▶ TASK INPUT

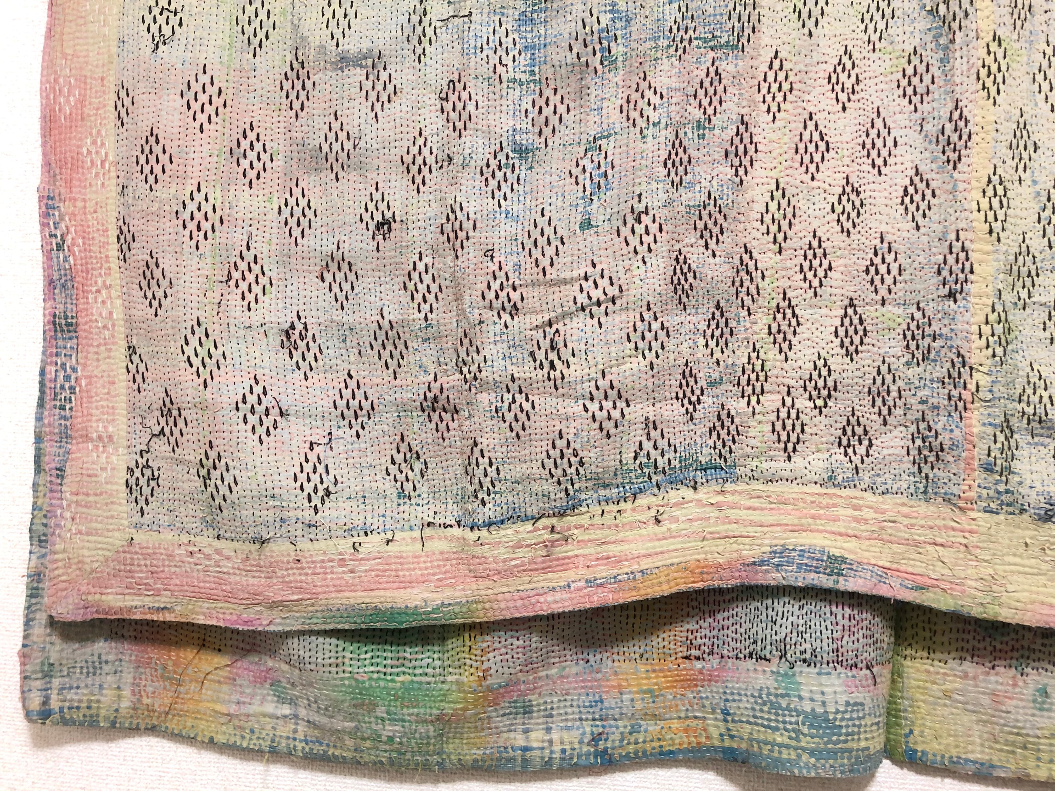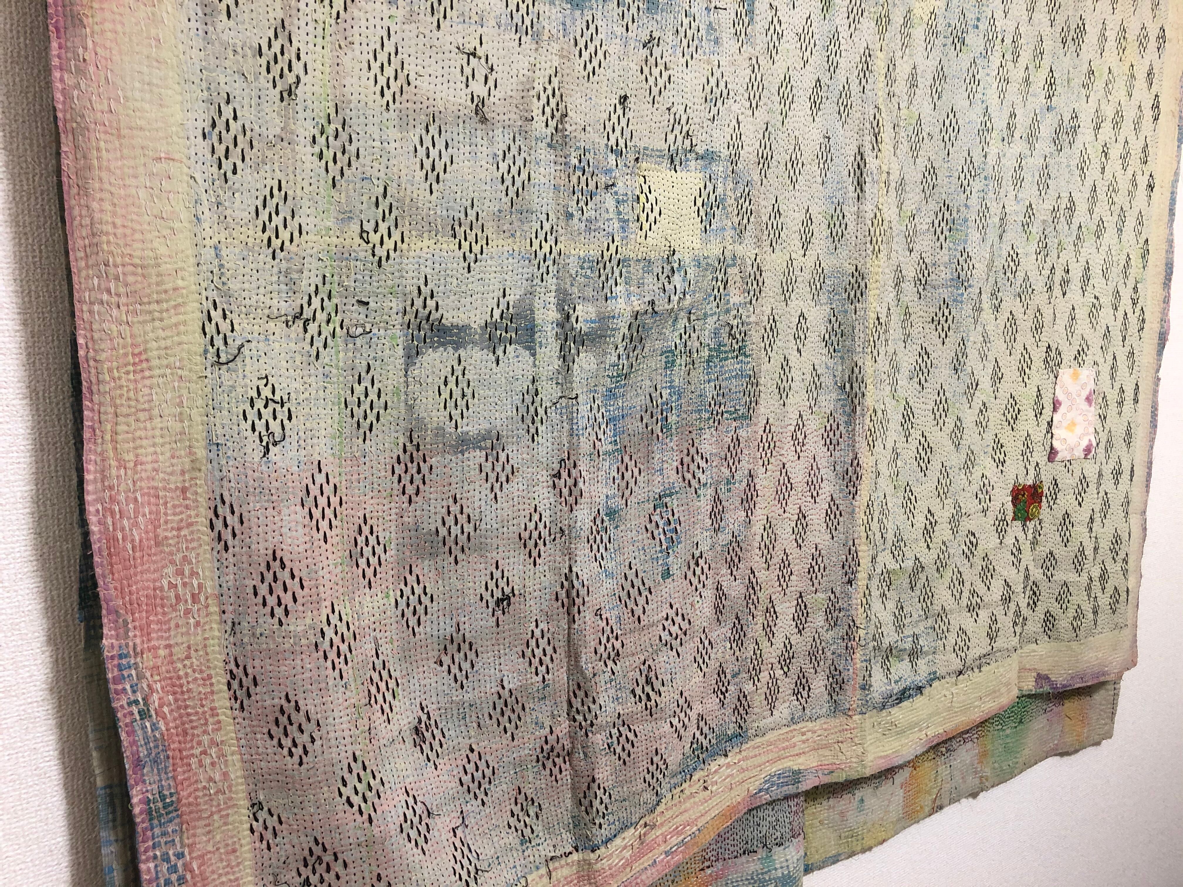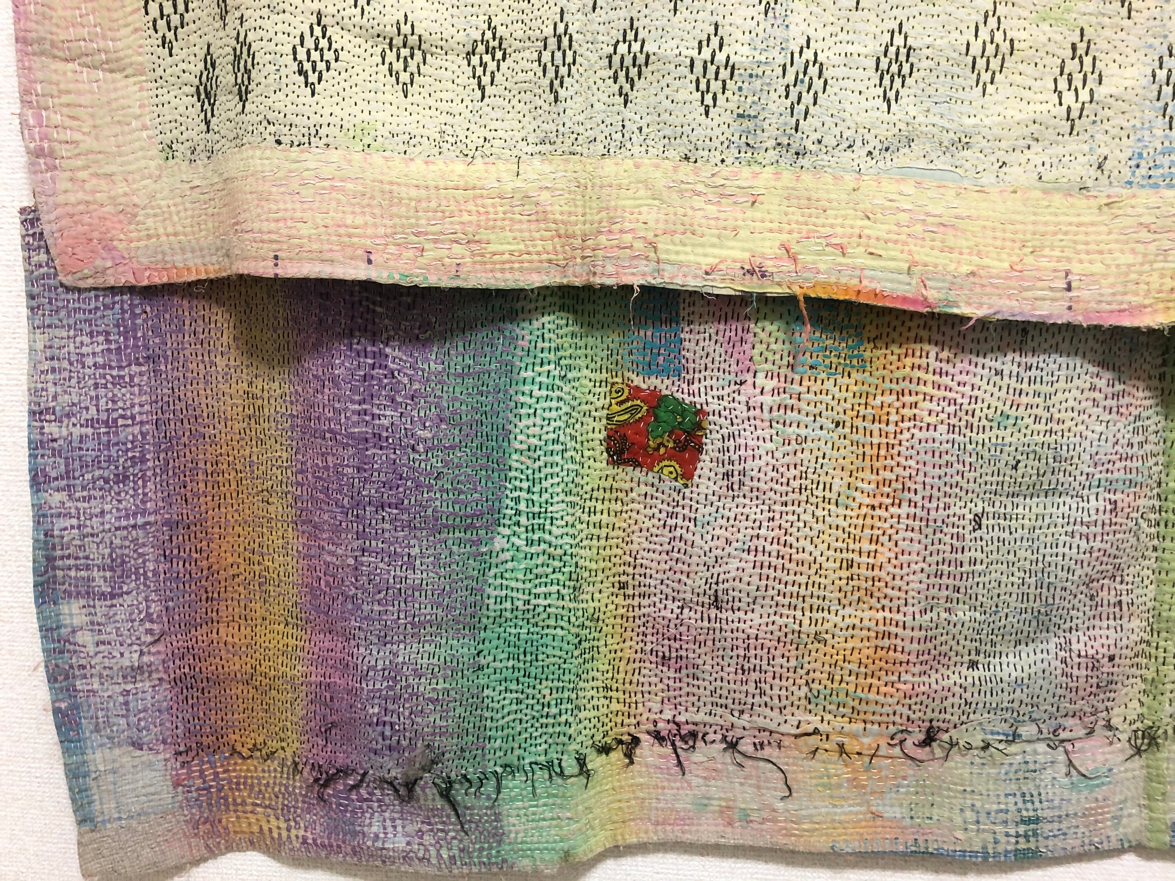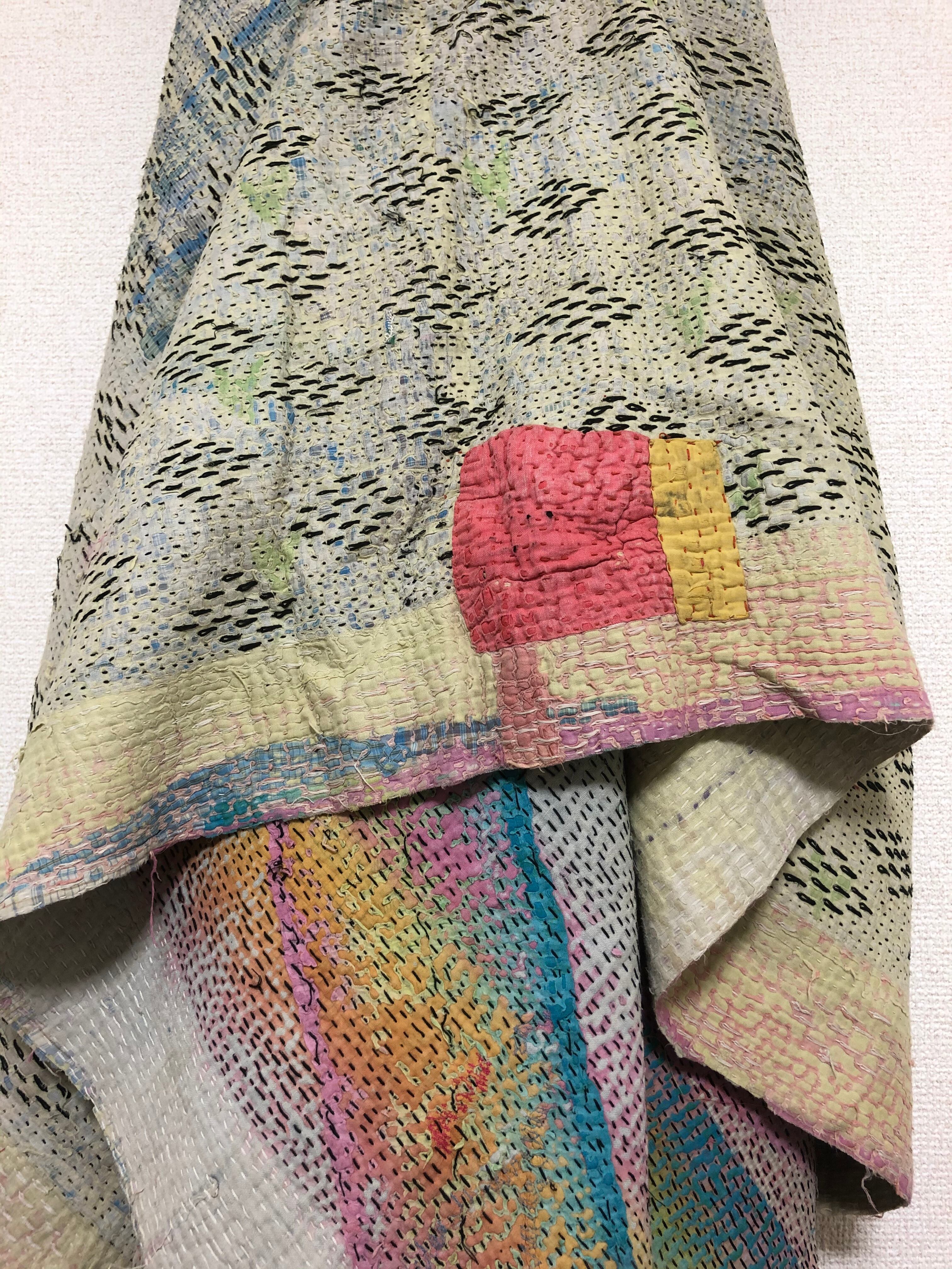 ぼっろぼろの虹色ラリーキルト 襤褸 エスニック 刺繍 刺し子 ハンドメイド
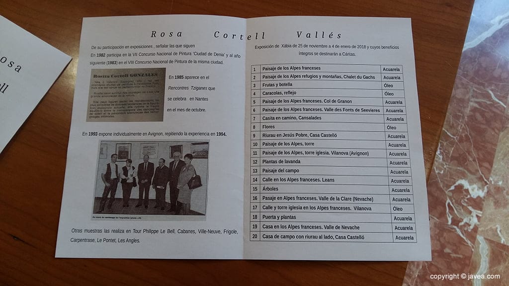 Tras su larga vida, ya que en la actualidad tiene 91 años, esta pintora ha donado, prácticamente la totalidad de sus obras a Cáritas (20 cuadros) para que los vendan y recauden fondos para su trabajo social. La pintora xabiera cuenta «el tiempo que Dios me ha dado para vivir no es mío, como es tiempo que me han dado, doy ahora esta colección de cuadros». La exposición se inaugurará este sábado 25 de noviembre en Ca Lambert a las 19 horas y estará abierta hasta el 4 de enero. También ha regalado cuatro lienzos al Ayuntamiento, que pasarán a formar parte de sus fondos patrimoniales.
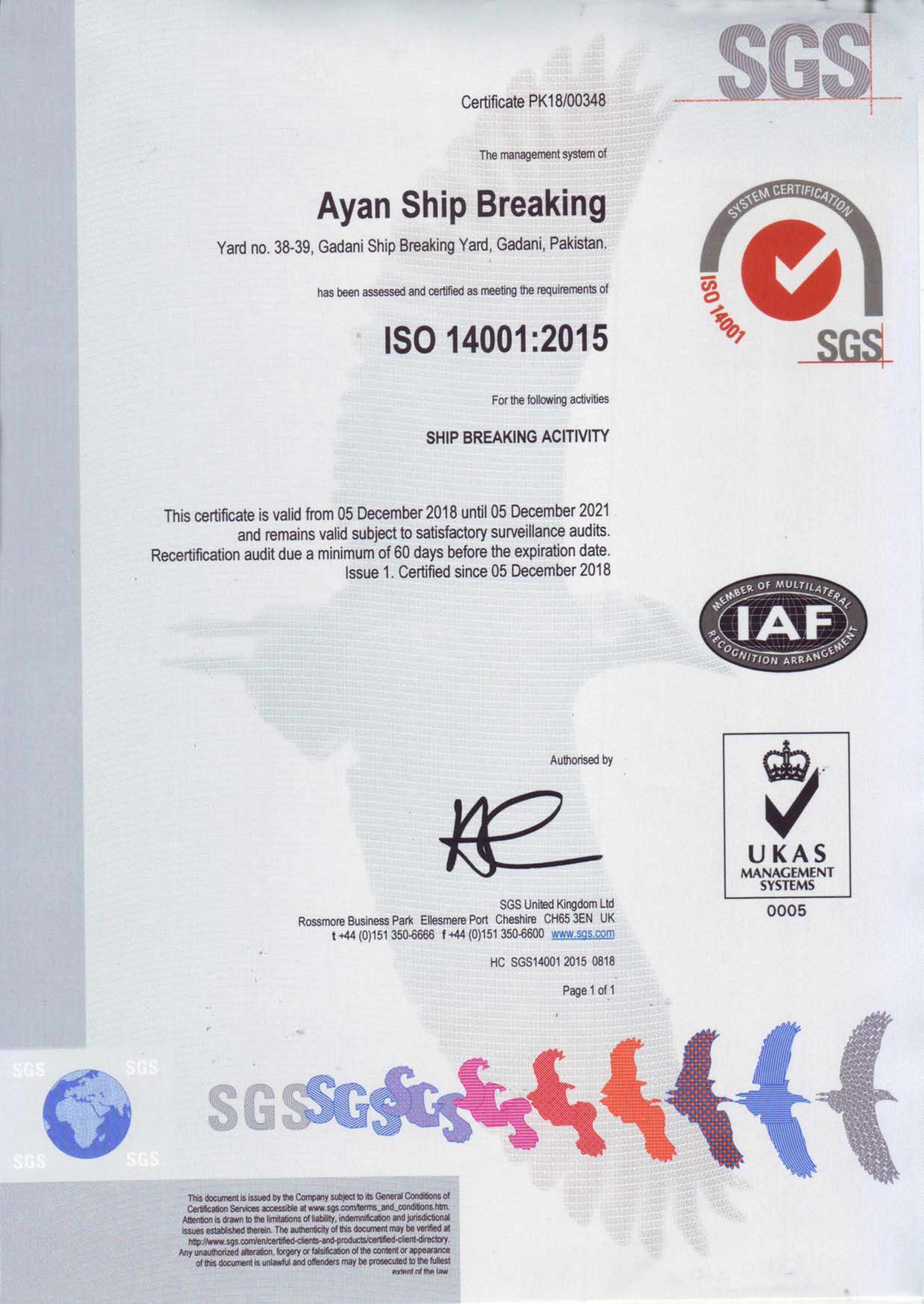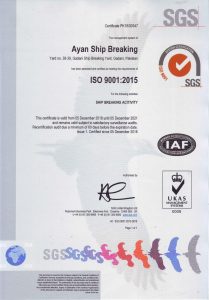 Ayan Shipbreakers has been founded in the year 2010 in Pakistan. The Company started its journey by buying Machinery, Cables and Non-Ferrous items from the Vessels in Gaddani, Pakistan. Three (3) years after that, the Company started to buy their own Vessels which paved way to the Company’s entrance into the Ship-Breaking Industry in 2013.
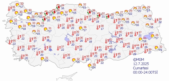 Hafta sonunun gelişiyle birlikte Türkiye genelindeki hava durumu tahminleri gündemi meşgul etmeye başladı. Hafta sonu için plan yapmayı düşünenler, Meteoroloji Genel Müdürlüğü tarafından yayımlanan hava durumu raporunu mercek altına aldı. Peki, "Hafta sonu hava nasıl olacak?" İşte MGM ile 12-13 Temmuz Meteoroloji ile İstanbul, Ankara, İzmir hava durumu tahminleri...
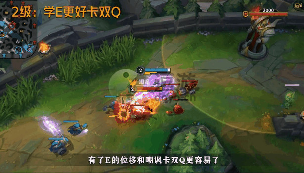 2.2级:E(3)技能的位移和嘲讽能让我们更好地用出上面介绍的双Q(1)连招,掌握主动权,向敌人发起猛烈的进攻吧!
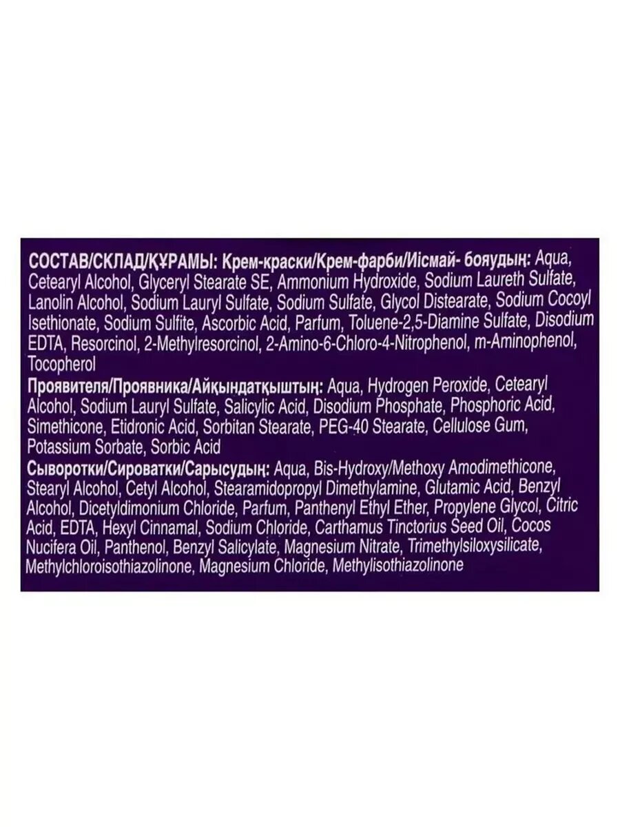 | Способ применения | 1) Приготовьте смесь для окрашивания 2) Нанесите крем-краску только на сухие волосы для получения интенсивного результата, затем смойте по окончании времени воздействия водой 3)Нанесите сыворотку Интенсивный блеск на влажные волосы. Более подробную инструкцию смотрите внутри упаковки. |
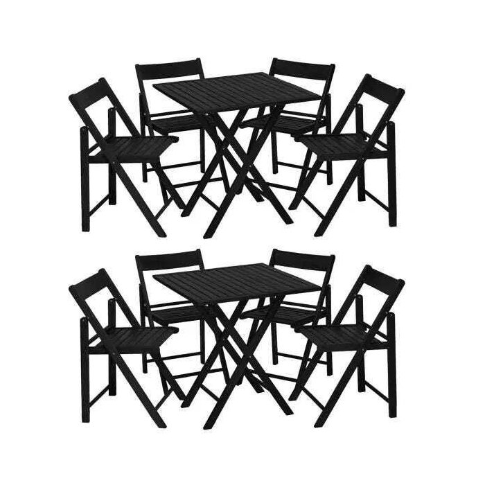 Kit 2 Jogos Mesa Com 4 Cadeiras De Madeira Dobravel Gourmet Beer Preto/Black

▶ EXERCISE GOAL
When you reach an image, pass over it, and retype all other material exactly.

▶ RESPONSE BELOW
 ぼっろぼろの虹色ラリーキルト 襤褸 エスニック 刺繍 刺し子 ハンドメイド
 Tras su larga vida, ya que en la actualidad tiene 91 años, esta pintora ha donado, prácticamente la totalidad de sus obras a Cáritas (20 cuadros) para que los vendan y recauden fondos para su trabajo social. La pintora xabiera cuenta «el tiempo que Dios me ha dado para vivir no es mío, como es tiempo que me han dado, doy ahora esta colección de cuadros». La exposición se inaugurará este sábado 25 de noviembre en Ca Lambert a las 19 horas y estará abierta hasta el 4 de enero. También ha regalado cuatro lienzos al Ayuntamiento, que pasarán a formar parte de sus fondos patrimoniales.
 Ayan Shipbreakers has been founded in the year 2010 in Pakistan. The Company started its journey by buying Machinery, Cables and Non-Ferrous items from the Vessels in Gaddani, Pakistan. Three (3) years after that, the Company started to buy their own Vessels which paved way to the Company’s entrance into the Ship-Breaking Industry in 2013.
 Hafta sonunun gelişiyle birlikte Türkiye genelindeki hava durumu tahminleri gündemi meşgul etmeye başladı. Hafta sonu için plan yapmayı düşünenler, Meteoroloji Genel Müdürlüğü tarafından yayımlanan hava durumu raporunu mercek altına aldı. Peki, "Hafta sonu hava nasıl olacak?" İşte MGM ile 12-13 Temmuz Meteoroloji ile İstanbul, Ankara, İzmir hava durumu tahminleri...
 2.2级:E(3)技能的位移和嘲讽能让我们更好地用出上面介绍的双Q(1)连招,掌握主动权,向敌人发起猛烈的进攻吧!
 | Способ применения | 1) Приготовьте смесь для окрашивания 2) Нанесите крем-краску только на сухие волосы для получения интенсивного результата, затем смойте по окончании времени воздействия водой 3)Нанесите сыворотку Интенсивный блеск на влажные волосы. Более подробную инструкцию смотрите внутри упаковки. |
 Kit 2 Jogos Mesa Com 4 Cadeiras De Madeira Dobravel Gourmet Beer Preto/Black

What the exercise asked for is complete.